Он допил кофе и закурил. Тем временем Хуарес, покончив со своим завтраком, встал, расплатился с подошедшим мосо и направился к двери, бросив на Пико взгляд, который можно было истолковать как угодно. Пико видел через окно, как он остановился у выхода, сунул в рот черную итальянскую сигарку и принялся неторопливо похлопывать себя по карманам в поисках спичек с ленивым видом человека, которому некуда девать время.
Пико тоже вышел.
– Разрешите огоньку, – сказал Хуарес, когда он поравнялся с ним.
Пико протянул ему зажигалку, они пошли рядом, Хуарес долго и тщательно раскуривал на ходу свою «аванти».
– Я вижу, молодой кабальеро, – сказал он наконец, – что даже подполье не отучило вас от болтливости, привитой на юридическом факультете…
Пико смутился:
– Конечно, мне не следовало называть вашу фамилию вслух… Но я был просто поражен, – ведь Ларральде говорил мне, что вы в тюрьме!
– Ларральде – большой мастер рассказывать небылицы про своих знакомых, – усмехнулся Хуарес. – Про вас, например, он сказал, будто вы где-то в эмиграции. Вы очень спешите?
– Нисколько, – поспешил заверить Пико. Удивительно удачно, что он встретил этого человека! Интересный собеседник помогает коротать время, а дон Луис Хуарес был несомненно интересным собеседником. С ним, коммунистом, можно было отлично поспорить. Пико всегда предпочитал разговаривать с людьми, исповедующими взгляды, отличные от его собственных. Беседа с единомышленником никогда не доставляет такого удовольствия, как хороший спор с умным противником.
– Я совершенно не занят, сеньор Хуарес, – сказал он. – Если вы не против, зайдемте в парк, там в амфитеатре можно поговорить без помех…

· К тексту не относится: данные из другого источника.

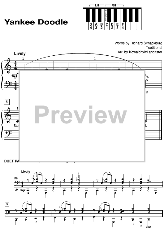 Digital Sheet Music for Yankee Doodle by Traditional, Gayle Kowalchyk, E. L. Lancaster, Richard Schackburg scored for Piano; id:503936
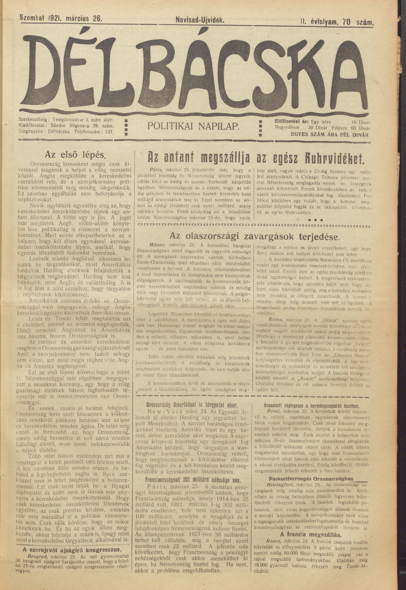 Délbácska, 2. évf. 1921. március 26. 70. sz.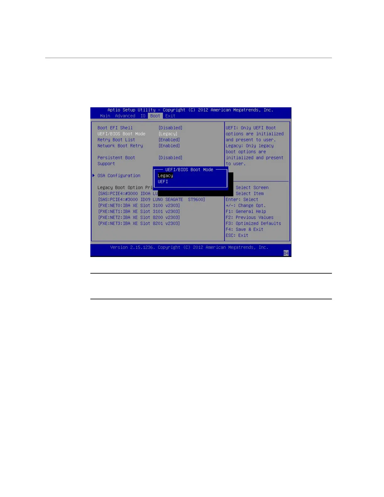 Use the up and down arrow keys to select the appropriate Legacy or UEFI mode,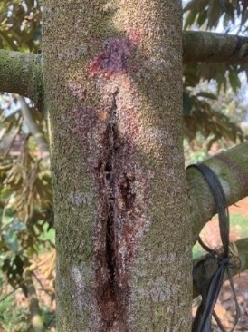 Durian (Durio zibethinus L.) is a crop that brings high economic value to farmers in the Central Highlands of Vietnam. Currently, many factors cause a decline in the growth of durian trees, and stem canker disease is one of the leading causes of poor growth of durian trees, which can lead to tree death and reduced productivity. This research aims to find the causes of diseases causing the decline in durian trees in the Central Highlands of Vietnam. Besides that, investigate their pathogen's sensitivity to fungicides and develop effective control measures with less negative environmental impacts.
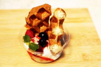 この商品は、独自のノウハウで焼き上げたワッフルと、とろとろチーズをたっぷりかけたアイスを一緒に楽しめる贅沢パフェです。
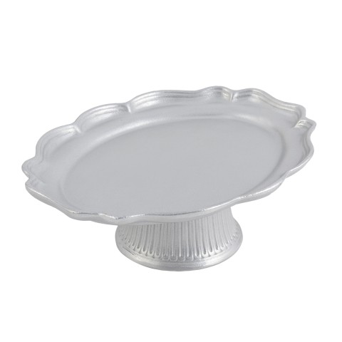 Queen Anne Platter, 10-7/8" x 14-3/4" x 4" H, pedestal, aluminum with Pewter-Glo finish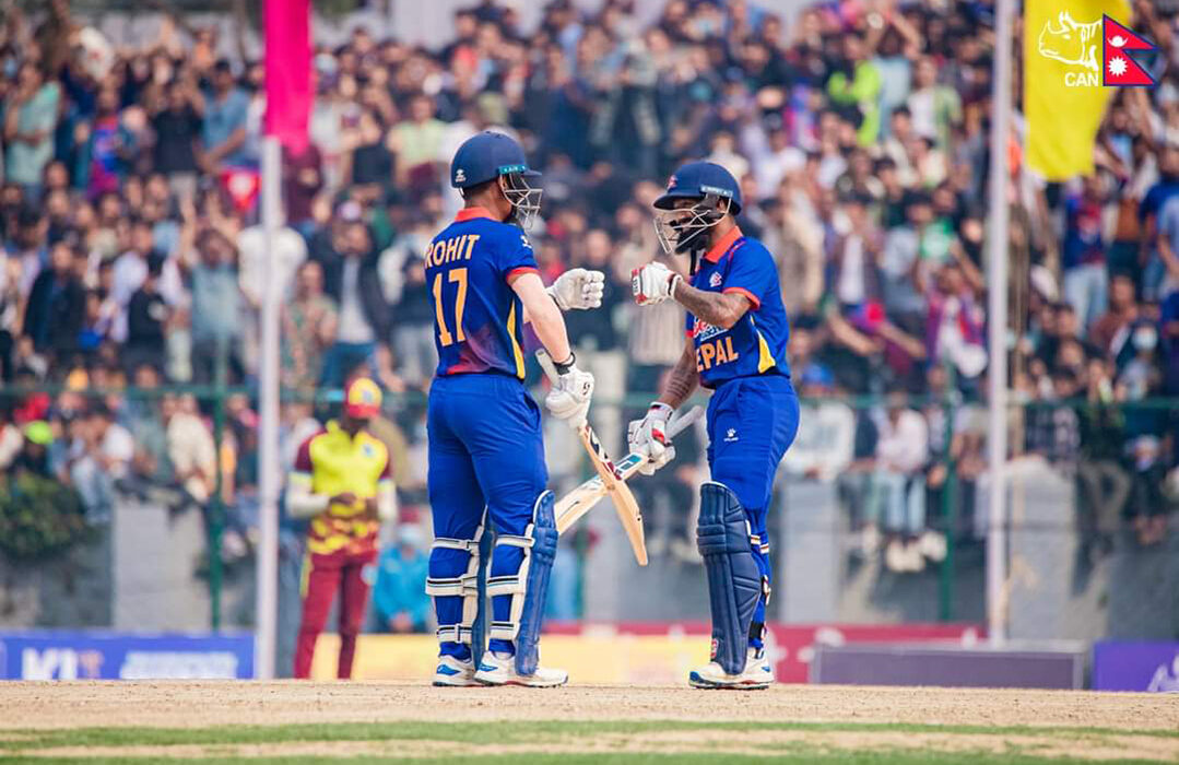 १५ वैशाख, काठमाडौं । कप्तान रोहित पौडेलको शतकमा नेपालले पहिलो टी२० खेलमा वेस्टइन्डिज ए लाई ४ विकेटले हराएको छ ।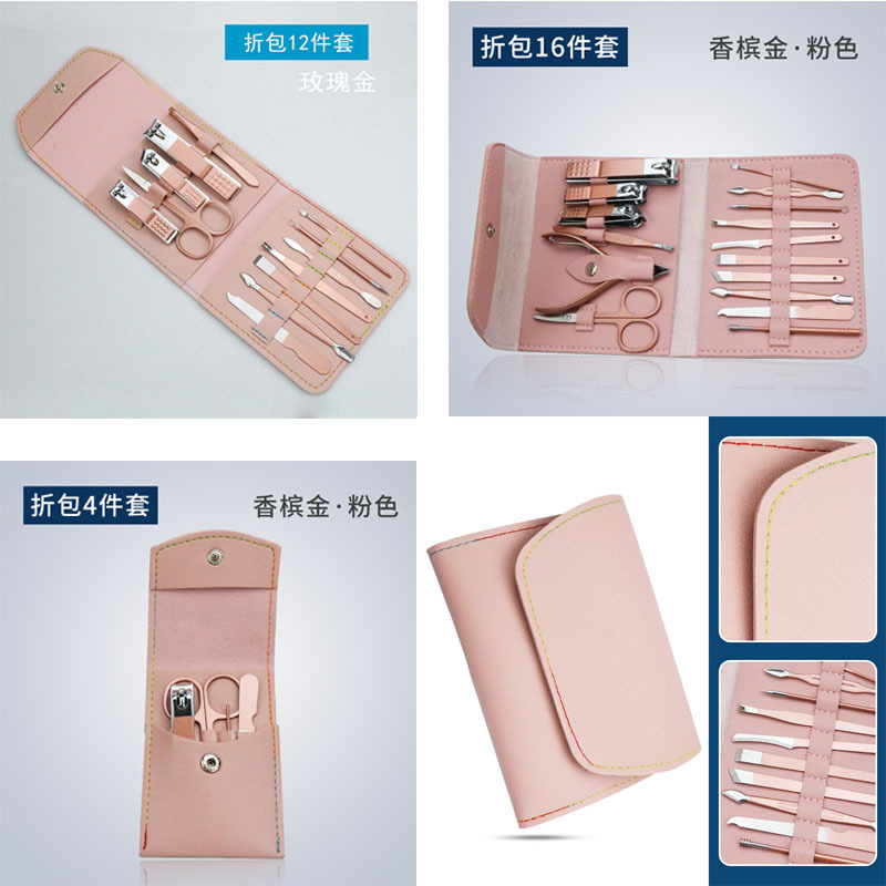 アマゾン国境を越えたステンレス爪刀セット4点セットネイルツールセットpu三つ折り包皮ボタン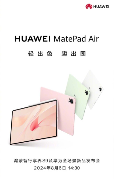 Huawei, on the other hand, teased the MatePad Air in all its four colors: White, Green, Sakura Pink, and Rose Gold. Its design appears to be quite different from the previous generation, featuring a horizontal lens setup similar to the Nova 12 Ultra on the back.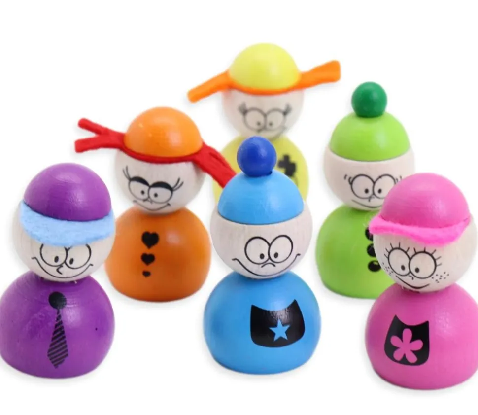 Ces 6 pions joueurs « Amis Sympathiques » en bois apportent une touche ludique et colorée à vos jeux de société.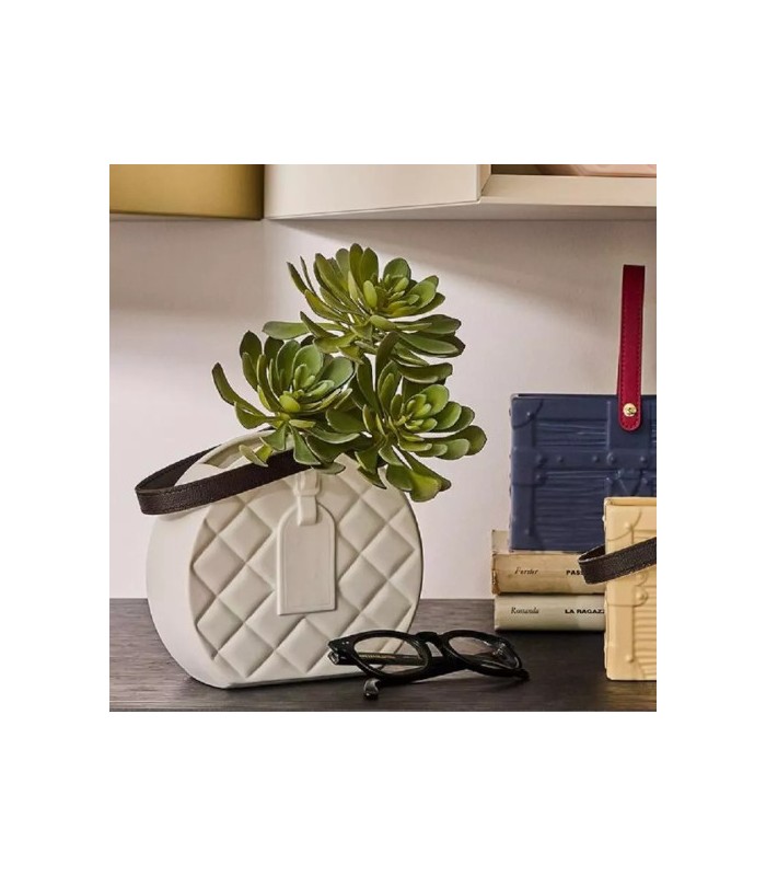 BORSETTA TONDA BIANCA H15 CERAMICA BAG -Vaso decorativo portapiantina -A forma di borsetta -Colore bianco con manico nero -In ceramica -Dimensioni: cm 18 x 7 x 15H -Marca: Fontebasso Andrea
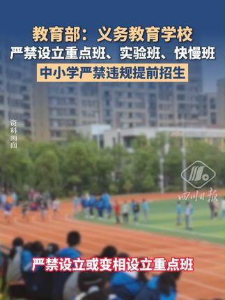 教育部:义务教育学校严禁设立重点班、实验班、快慢班,中小学严禁违规提前招生。【详细】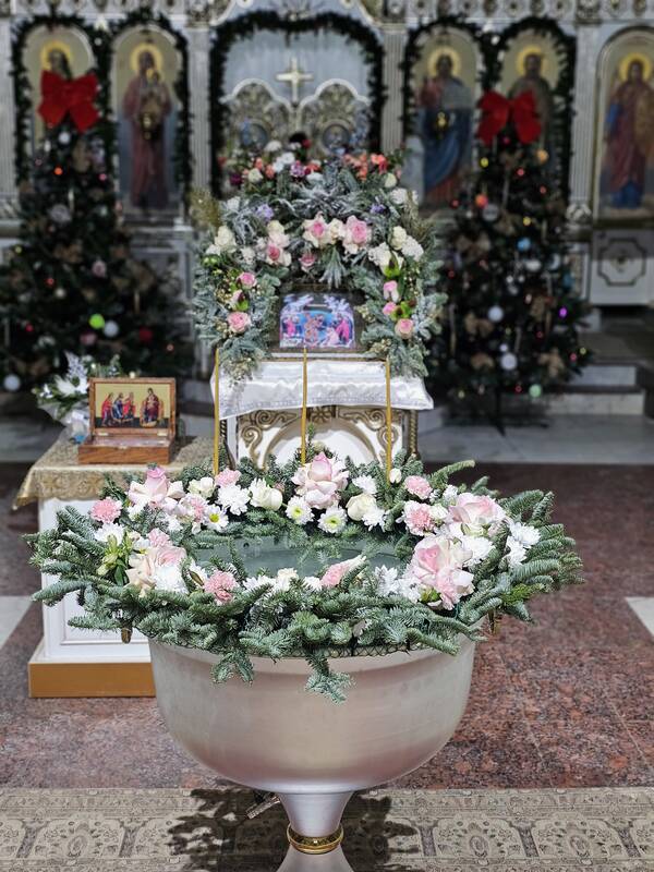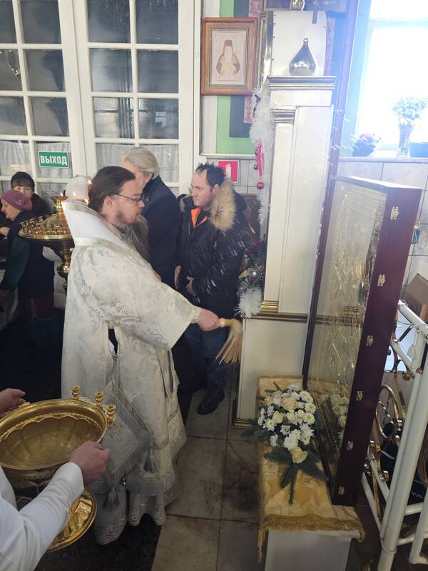 После окропления великой агиасмой (богоявленской святой водой) храма и молящихся, духовенство и певчие исполнили тропарь и кондак праздника перед иконой Крещения, символизирующей свет Христова учения, Божественное просвещение, даруемое в Богоявлении.
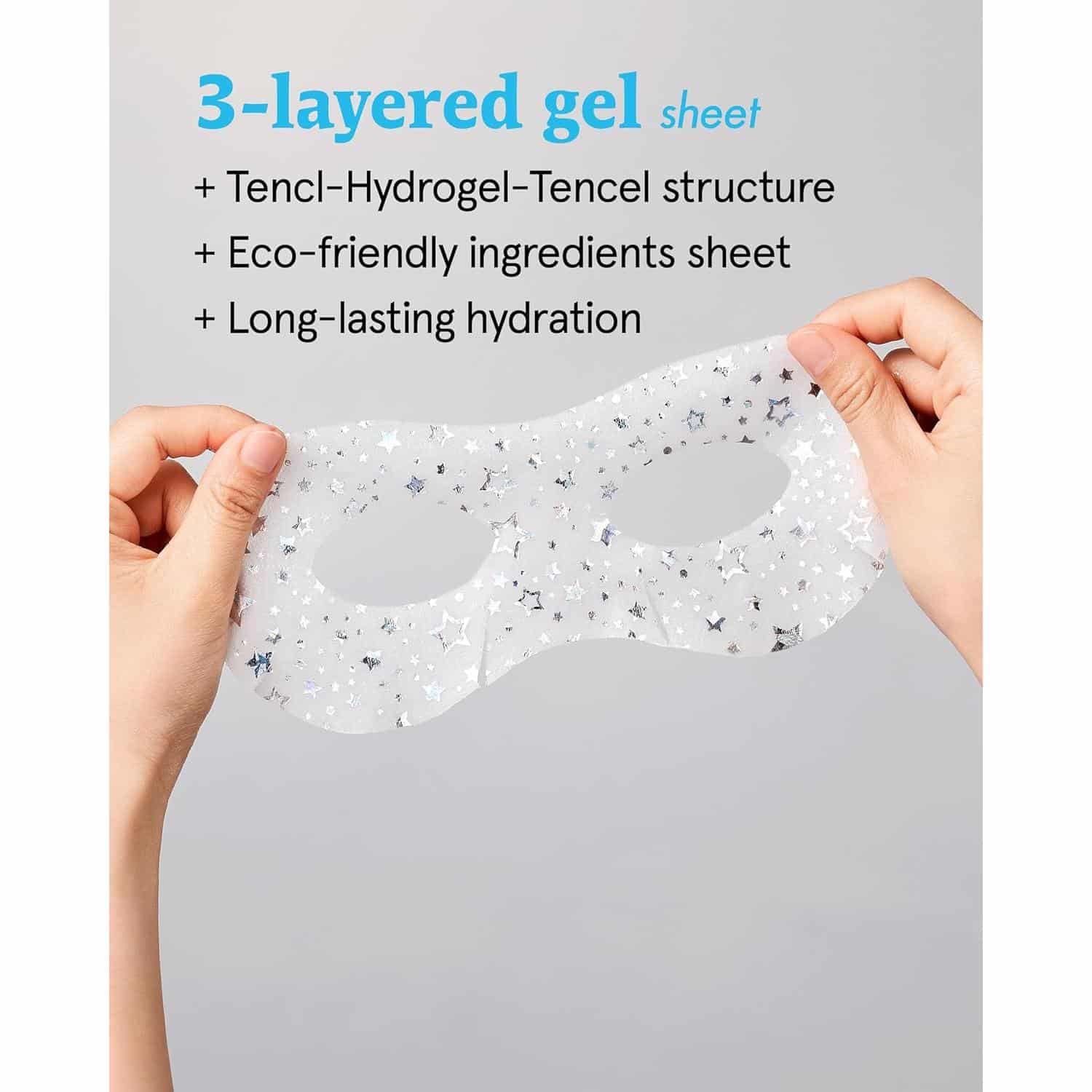 This mask feels light and refreshing on the skin, perfect for tired eyes. It hydrates well and gives a glowing look after just one use. The glitter effect is subtle but adds a nice touch for special occasions. However, it might not stick as tightly as expected, so be careful when moving around. Great for soothing puffiness and brightening the under-eye area. A bit pricey, but worth trying at least once. Works best when chilled before application.

Хиль познакомил их года полтора назад, но встречались они за это время всего раза четыре, может быть, пять – и всякий раз спорили. Однако сейчас Пико почему-то чувствовал, что е.му хочется не столько спорить, сколько советоваться.
Они сидели в пустой каменной чаше греческого амфитеатра, в пологой воронке, образованной концентрическими рядами скамей. Было уже довольно жарко, не по-весеннему припекало полуденное солнце. Внизу, на небольшой площадке сцены, ребятишки в линялых комбинезонах гоняли тряпичный футбольный мяч.
– Я не за конформизм и не за сидение сложа руки, – негромко говорил Хуарес, – вы просто не хотите меня понять. Я только против безответственных авантюр. Я против того, чтобы честные парни вроде вас таскали из огня каштаны, которыми будут лакомиться другие. Вы отдаете себе отчет – с какими силами блокируетесь?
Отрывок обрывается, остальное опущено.